In the period 2005–2016, 96,599 primary operations for hip fractures were reported to the NHFR (Figure 1). 15 different types of drugs for prophylaxis had been used. However, low-molecular-weight heparin (LMWH) dominated entirely. To obtain a more homogeneous study group, operations with drugs other than LMWH were excluded. 45,913 patients operated with osteosynthesis were included. Dalteparin (Fragmin, Pfizer) was used in 58% (26,469 operations) and enoxaparin (Klexane, Sanofi-Aventis) was used in 42% (19,444 operations).

Figure 1. Flow chart for patients included in the study.

Statistics

Survival analyses were performed using the Kaplan–Meier and Cox regression methods. Patients who died or emigrated during follow-up were identified from files provided by Statistics Norway, and the follow-up time for these patients was censored at the date of death or emigration. Only the first 6 postoperative months were included in the analyses as this period was considered most relevant in the present investigation.

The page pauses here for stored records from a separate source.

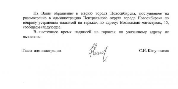 Номер жалобы:30744 Тип жалобы:Иные проблемы ЖКХ Название объекта:Управляющая Компания Регион:Новосибирская область Город:Новосибирск Адрес:ул. Вокзальная Магистраль, 15 Описание жалобы:Надписи на корпусах Статус: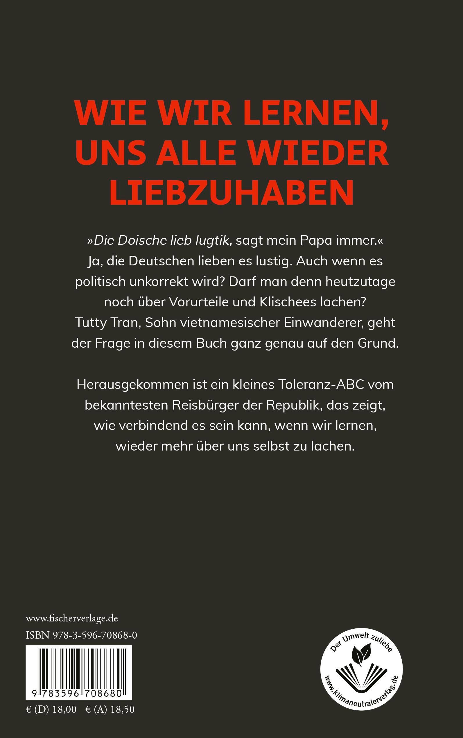 Wie wir lernen, uns alle wieder liebzuhaben: das erste Buch des preisgekrönten Stand-up-Comedians Tutty Tran "'Die Doische lieb lugtik', sagt mein Papa immer." Ja, die Deutschen lieben es lustig. Auch wenn es politisch unkorrekt wird? Darf man denn heutzutage noch über Vorurteile lachen? Tutty Tran, Sohn vietnamesischer Einwanderer, geht der Frage in diesem Buch ganz genau auf den Grund. Herausgekommen ist ein kleines Toleranz-ABC vom bekanntesten Reisbürger der Republik, das zeigt, wie verbindend es sein kann, wenn wir lernen, wieder mehr über uns selbst zu lachen.Schnelle Ratschläge gegen Vorurteile und Toleranzübungen für zu Hause inklusive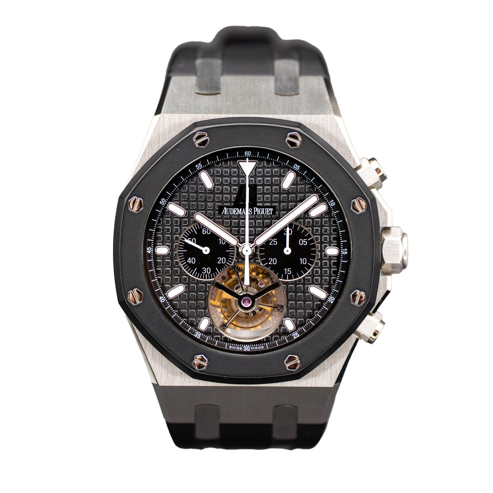 This Audemars Piguet Royal Oak 26377SK.OO.D002CA.01 has a black baton dial and a rubber strap. This Audemars Piguet has undergone a thorough inspection of accuracy, functionality and condition at our Audemars Piguet certified service centre to determine the level of reconditioning required to meet our strict standards. It has also been checked against our records to ensure authenticity. All our watches have a 24-month warranty for your peace of mind.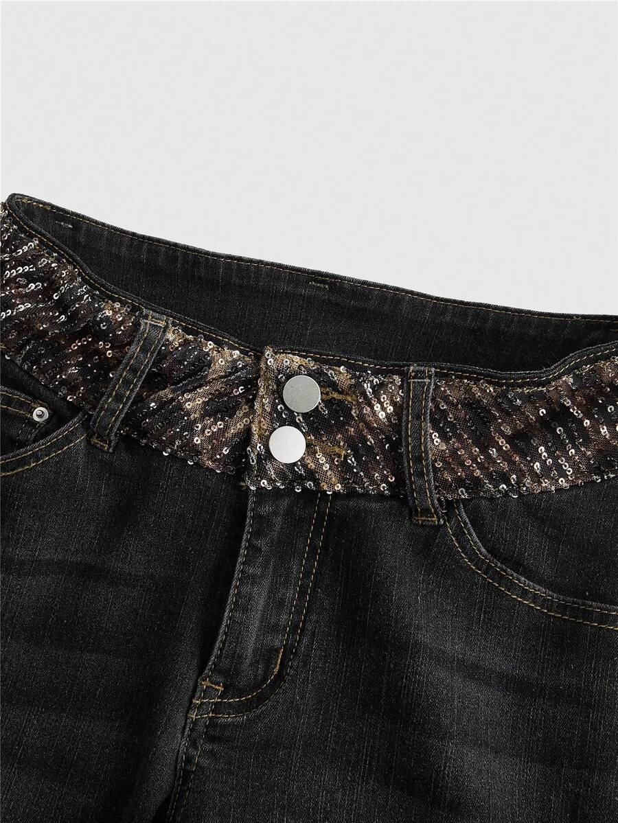 Grunge Punk Pantalones vaqueros acampanados de ajuste ceñido con alas de lentejuelas de leopardo, decoración de strass, estilo retro y sexy Y2K para mujeres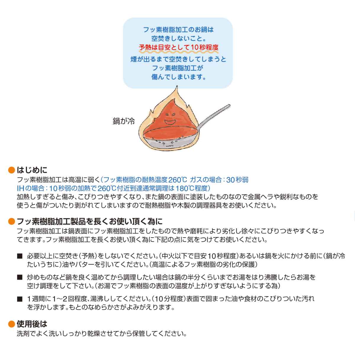 ●内面がふっ素樹脂加工で汚れが付きにくく、お手入れが簡単です。

The Cox multiple regression model was used to compare the relative risks of postoperative death and revision (failure-rate ratios) among patients where the thromboprophylaxis started preoperatively compared with postoperatively, with adjustments for possible influences of sex, duration of surgery, age of the patient at surgery (grouped in decades), ASA classification and year of surgery. Analyses on mortality and risk of reoperations within 7 days postoperatively, within 30 days postoperatively, and within 6 months postoperatively were performed. In addition to reoperations for any reason, we also investigated reoperations due to infection or hematoma and reported intraoperative bleeding complications. When investigating reoperations due to hematomas, patients with concurrent other causes for reoperation were excluded from the analyses.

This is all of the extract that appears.